Task objective -> From the line containing "Absolutely awful treatment" down to the line containing "Opera Långa Svarta", copy out the entries below exactly, both lines included, and nothing else; pictures do not belong in the copy.

[Opening Data records section]

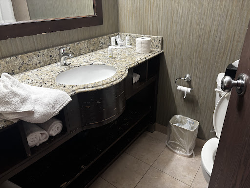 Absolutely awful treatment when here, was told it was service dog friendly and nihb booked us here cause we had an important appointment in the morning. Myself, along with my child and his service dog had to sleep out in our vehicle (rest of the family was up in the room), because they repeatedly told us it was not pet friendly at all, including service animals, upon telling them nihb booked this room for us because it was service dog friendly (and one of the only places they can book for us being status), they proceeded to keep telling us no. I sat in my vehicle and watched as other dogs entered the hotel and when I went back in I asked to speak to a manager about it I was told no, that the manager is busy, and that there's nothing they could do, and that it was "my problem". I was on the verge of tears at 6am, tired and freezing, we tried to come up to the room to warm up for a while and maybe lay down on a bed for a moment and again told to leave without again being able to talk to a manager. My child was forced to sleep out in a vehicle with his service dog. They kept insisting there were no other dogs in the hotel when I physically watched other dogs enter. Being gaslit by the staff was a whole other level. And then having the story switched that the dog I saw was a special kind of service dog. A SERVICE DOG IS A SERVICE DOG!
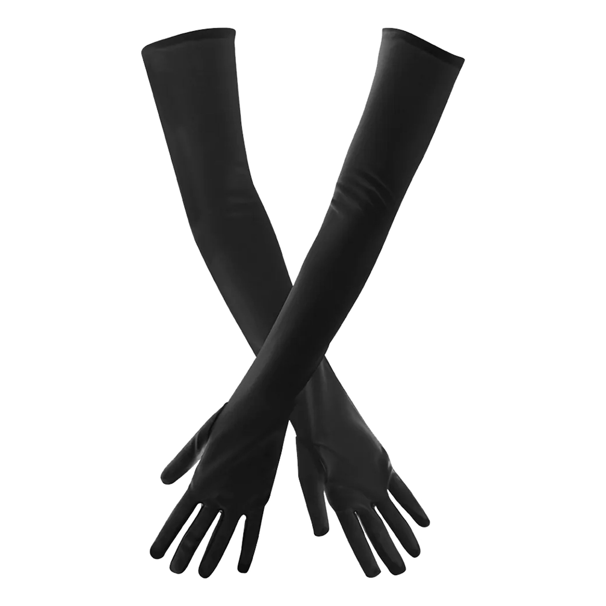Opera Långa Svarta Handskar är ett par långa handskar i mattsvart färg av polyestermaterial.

[Closing Data records section]
[Opening Data records section]

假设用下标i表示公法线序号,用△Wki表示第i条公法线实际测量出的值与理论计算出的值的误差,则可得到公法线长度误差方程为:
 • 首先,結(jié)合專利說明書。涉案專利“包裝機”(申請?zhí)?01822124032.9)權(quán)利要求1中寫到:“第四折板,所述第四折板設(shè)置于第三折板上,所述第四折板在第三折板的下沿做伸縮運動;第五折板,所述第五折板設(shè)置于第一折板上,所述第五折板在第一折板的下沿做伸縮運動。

[Closing Data records section]
[Opening Data records section]

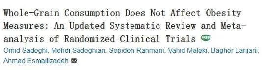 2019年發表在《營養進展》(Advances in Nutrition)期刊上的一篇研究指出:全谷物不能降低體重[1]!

[Closing Data records section]

Answer ->
 Absolutely awful treatment when here, was told it was service dog friendly and nihb booked us here cause we had an important appointment in the morning. Myself, along with my child and his service dog had to sleep out in our vehicle (rest of the family was up in the room), because they repeatedly told us it was not pet friendly at all, including service animals, upon telling them nihb booked this room for us because it was service dog friendly (and one of the only places they can book for us being status), they proceeded to keep telling us no. I sat in my vehicle and watched as other dogs entered the hotel and when I went back in I asked to speak to a manager about it I was told no, that the manager is busy, and that there's nothing they could do, and that it was "my problem". I was on the verge of tears at 6am, tired and freezing, we tried to come up to the room to warm up for a while and maybe lay down on a bed for a moment and again told to leave without again being able to talk to a manager. My child was forced to sleep out in a vehicle with his service dog. They kept insisting there were no other dogs in the hotel when I physically watched other dogs enter. Being gaslit by the staff was a whole other level. And then having the story switched that the dog I saw was a special kind of service dog. A SERVICE DOG IS A SERVICE DOG!
Opera Långa Svarta Handskar är ett par långa handskar i mattsvart färg av polyestermaterial.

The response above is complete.